*** DATA SHOWN ***

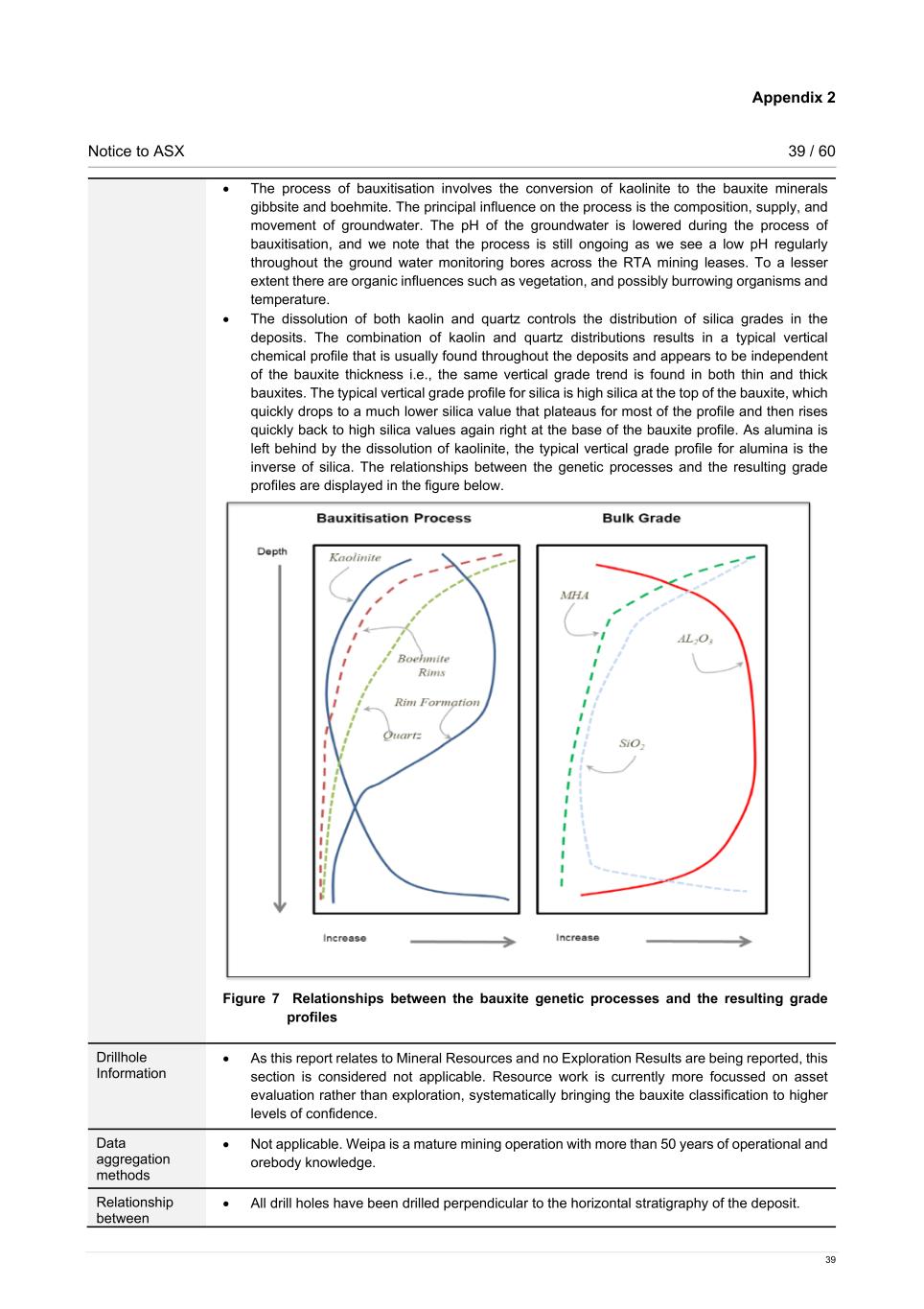 Appendix 2 Notice to ASX 39 / 60 39 • The process of bauxitisation involves the conversion of kaolinite to the bauxite minerals gibbsite and boehmite. The principal influence on the process is the composition, supply, and movement of groundwater. The pH of the groundwater is lowered during the process of bauxitisation, and we note that the process is still ongoing as we see a low pH regularly throughout the ground water monitoring bores across the RTA mining leases. To a lesser extent there are organic influences such as vegetation, and possibly burrowing organisms and temperature. • The dissolution of both kaolin and quartz controls the distribution of silica grades in the deposits. The combination of kaolin and quartz distributions results in a typical vertical chemical profile that is usually found throughout the deposits and appears to be independent of the bauxite thickness i.e., the same vertical grade trend is found in both thin and thick bauxites. The typical vertical grade profile for silica is high silica at the top of the bauxite, which quickly drops to a much lower silica value that plateaus for most of the profile and then rises quickly back to high silica values again right at the base of the bauxite profile. As alumina is left behind by the dissolution of kaolinite, the typical vertical grade profile for alumina is the inverse of silica. The relationships between the genetic processes and the resulting grade profiles are displayed in the figure below. Figure 7 Relationships between the bauxite genetic processes and the resulting grade profiles Drillhole Information • As this report relates to Mineral Resources and no Exploration Results are being reported, this section is considered not applicable. Resource work is currently more focussed on asset evaluation rather than exploration, systematically bringing the bauxite classification to higher levels of confidence. Data aggregation methods • Not applicable. Weipa is a mature mining operation with more than 50 years of operational and orebody knowledge. Relationship between • All drill holes have been drilled perpendicular to the horizontal stratigraphy of the deposit.
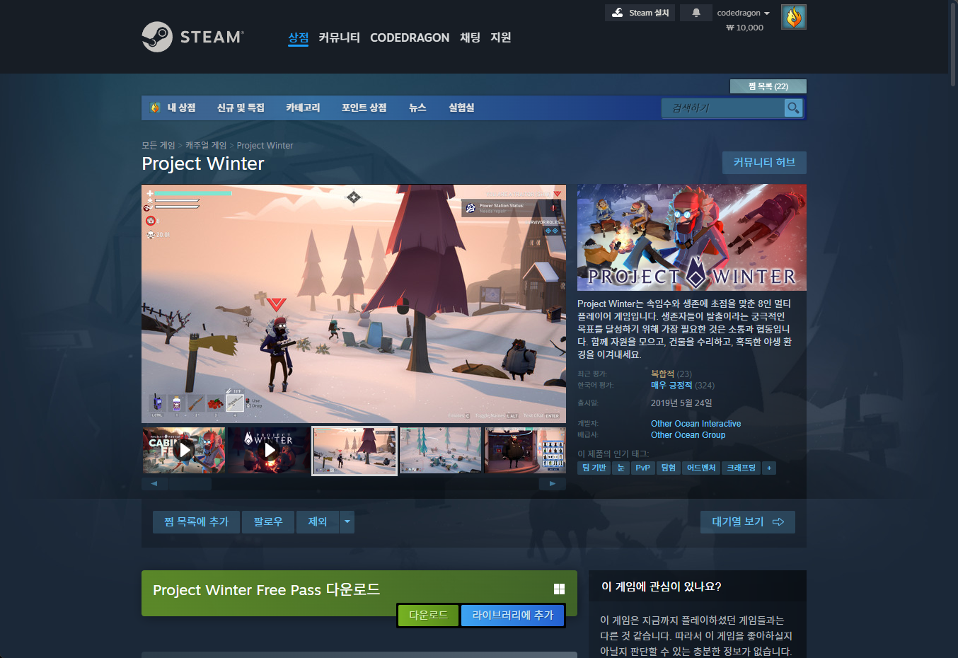 - "Project Winter (프로젝트 윈터)" 한시적 무료게임 구매하기
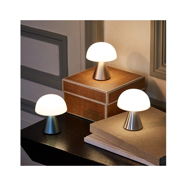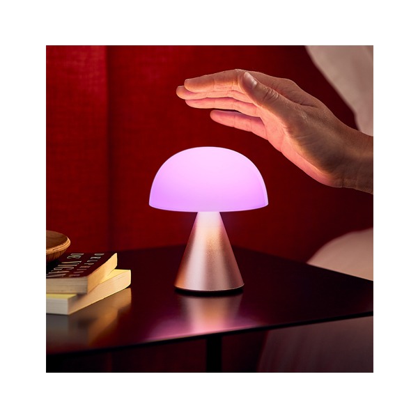 Mina M brings an impressive 9 LED light color range to your bedside, workspace, or patio. The color change and dimming function are all controlled by a press down feature on the top of the light.
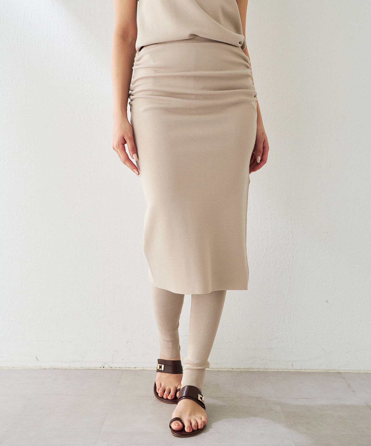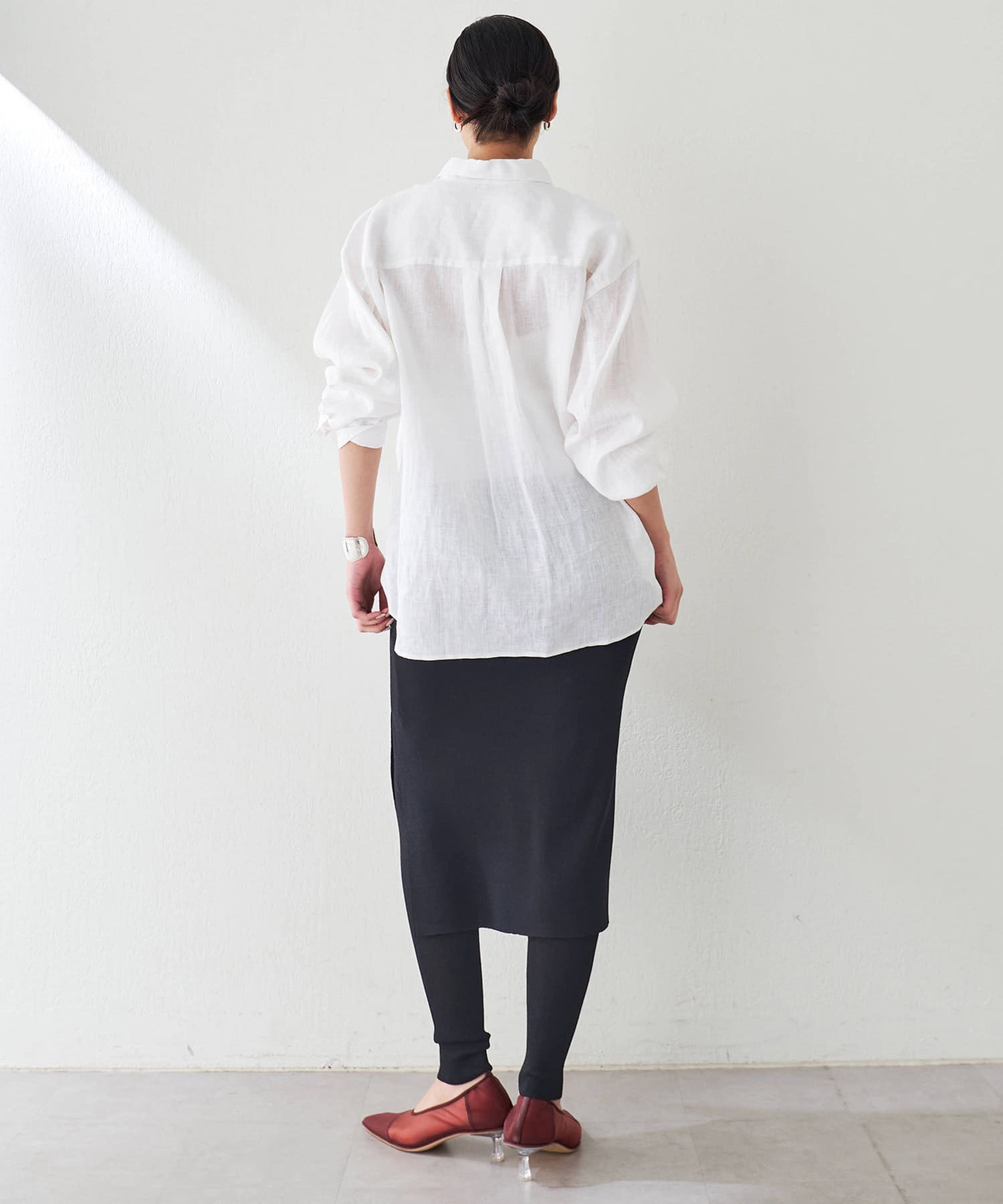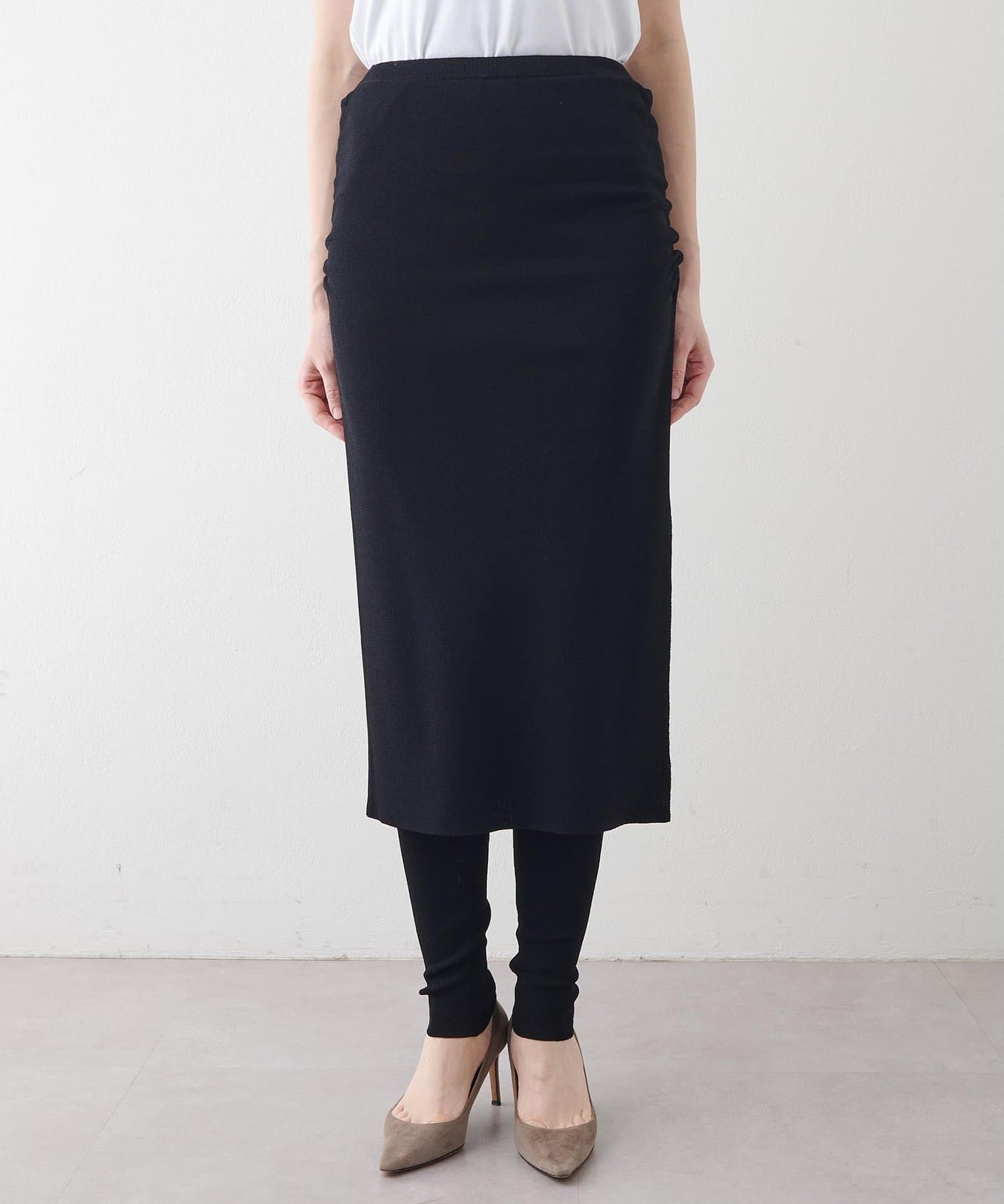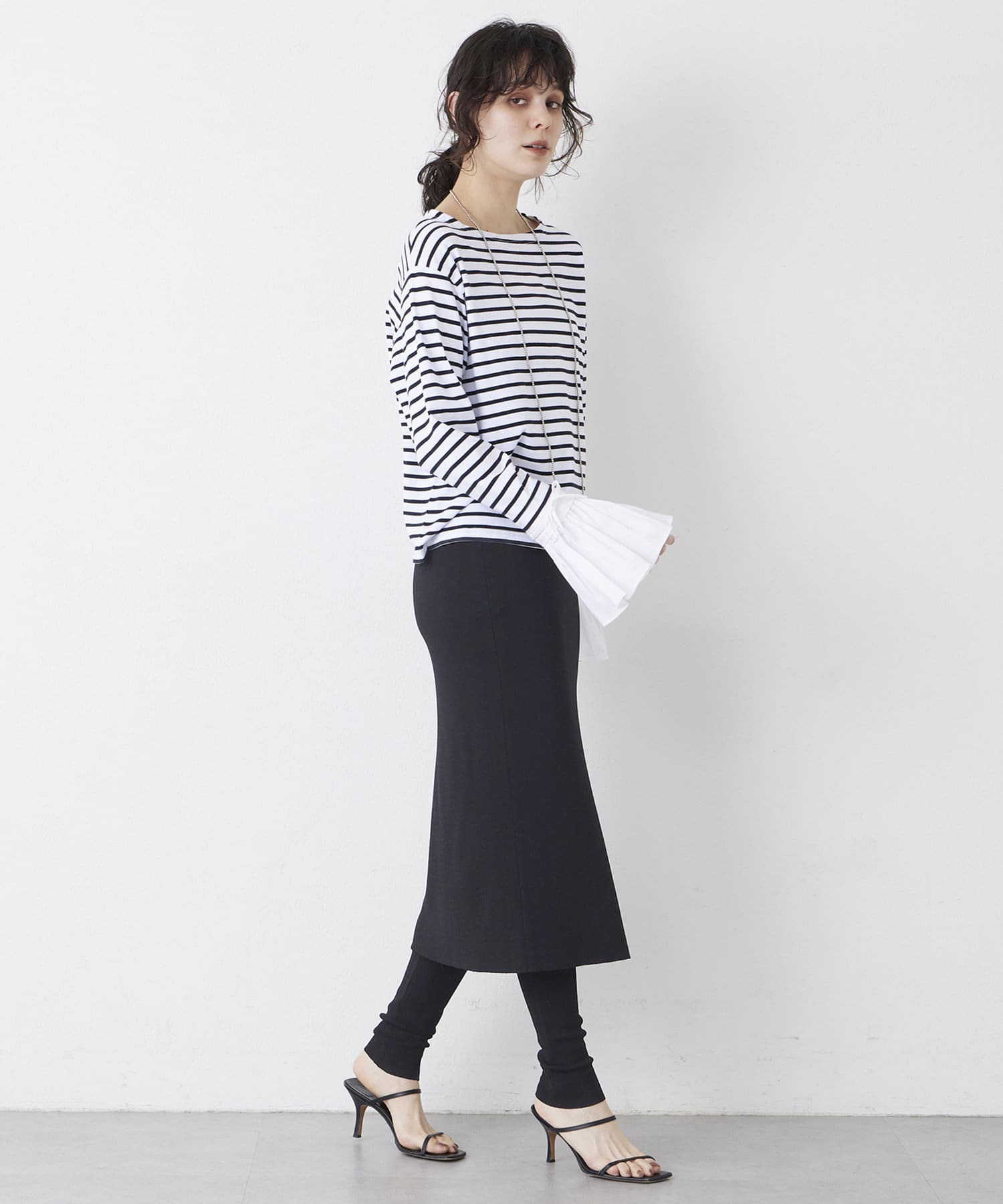 ■左サイドにはスリットをあしらい、重ね着風でも女性らしく抜け感のあるスタリングに。

***

WORK TASK:
Everything in the material above should be reproduced exactly, except the pictures.

EXERCISE SOLUTION:
 Appendix 2 Notice to ASX 39 / 60 39 • The process of bauxitisation involves the conversion of kaolinite to the bauxite minerals gibbsite and boehmite. The principal influence on the process is the composition, supply, and movement of groundwater. The pH of the groundwater is lowered during the process of bauxitisation, and we note that the process is still ongoing as we see a low pH regularly throughout the ground water monitoring bores across the RTA mining leases. To a lesser extent there are organic influences such as vegetation, and possibly burrowing organisms and temperature. • The dissolution of both kaolin and quartz controls the distribution of silica grades in the deposits. The combination of kaolin and quartz distributions results in a typical vertical chemical profile that is usually found throughout the deposits and appears to be independent of the bauxite thickness i.e., the same vertical grade trend is found in both thin and thick bauxites. The typical vertical grade profile for silica is high silica at the top of the bauxite, which quickly drops to a much lower silica value that plateaus for most of the profile and then rises quickly back to high silica values again right at the base of the bauxite profile. As alumina is left behind by the dissolution of kaolinite, the typical vertical grade profile for alumina is the inverse of silica. The relationships between the genetic processes and the resulting grade profiles are displayed in the figure below. Figure 7 Relationships between the bauxite genetic processes and the resulting grade profiles Drillhole Information • As this report relates to Mineral Resources and no Exploration Results are being reported, this section is considered not applicable. Resource work is currently more focussed on asset evaluation rather than exploration, systematically bringing the bauxite classification to higher levels of confidence. Data aggregation methods • Not applicable. Weipa is a mature mining operation with more than 50 years of operational and orebody knowledge. Relationship between • All drill holes have been drilled perpendicular to the horizontal stratigraphy of the deposit.
 - "Project Winter (프로젝트 윈터)" 한시적 무료게임 구매하기
 Mina M brings an impressive 9 LED light color range to your bedside, workspace, or patio. The color change and dimming function are all controlled by a press down feature on the top of the light.
 ■左サイドにはスリットをあしらい、重ね着風でも女性らしく抜け感のあるスタリングに。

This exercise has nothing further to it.